As user simulators have evolved to handle more complex scenarios, researchers have introduced additional dimensions to user goals. These include preferences that users must align with when pursuing task objectives (Yao et al., 2024; Cheng et al., 2022b), such as "you prefer the cheapest available flight" or "you prefer an aisle seat, but you are also okay with a window seat". There are also user profile sub-components, which contain contextual information about the user that may influence their decision making and behavior. These profiles can include relevant facts about a user, their persona, or emotional state (e.g. "your payment information is stored online", "you currently live in New York", "you are hurried and always late", "you are emotional and a bit angry") (Yao et al., 2024; Xiao et al., 2024). Lastly, there are user policies that define behavioral constraints or guidelines that specify how a user acts during interactions, such as "you are a private person and reveal little about yourself" (Yao et al., 2024). We categorize user goal sub-components into these categories (user profile, user policy, task objective, requirement, or preference) for a more granular representation of a user’s goal progression (see Figure 2).
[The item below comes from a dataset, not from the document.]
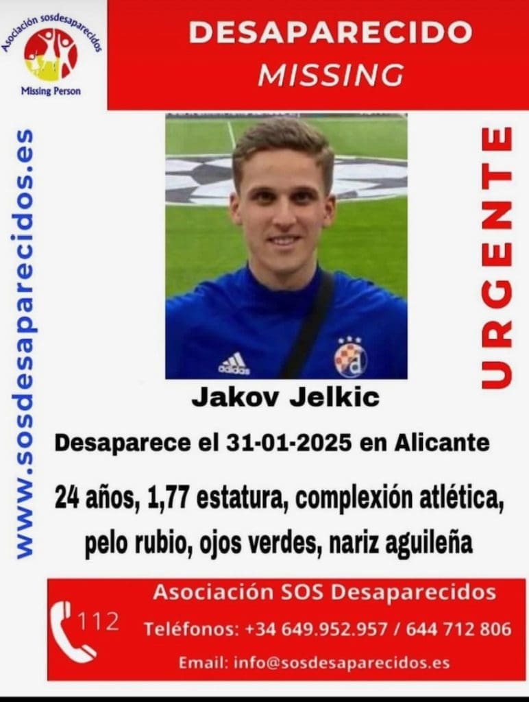 Las autoridades y la organización SOS Desaparecidos han activado un protocolo de búsqueda para dar con el paradero de Jakov Jelkic, un joven de origen suizo desaparecido en Alicante en la madrugada del sábado 1 de febrero de 2025.

In our representation of the user goal state, the different categories of sub-components have different success criteria. The user profile, user policy and preference sub-components can be either:

• ALIGNED: The user has demonstrated behavior consistent with the sub-component.

• MISALIGNED: The user has demonstrated havior that contradicts or fails to align with this sub-component.

Task objective and requirements subcomponents can have a status of:

• COMPLETE: The user has successfully accomplished the specific task or requirement.

• INCOMPLETE: The user has not yet accomplished the specific task or requirement.

• ATTEMPTED: The user has made a sufficient attempt to complete the task or requirement, but cannot proceed due to external factors outside their control (e.g. agent-side failures, system constraints, or limitations). Unlike existing frameworks, this status ensures that users are not penalized for failures they did not cause, providing a more fair representation of user performance.

After each conversational turn, ti = (ui, ai), each sub-component’s status is individually updated via use an LLM, producing a new user goal state Si that captures the goal progression up until turn i (see Appendix D for the prompt). The final user goal state Sn encapsulates the user’s overall goal alignment across the entire conversation.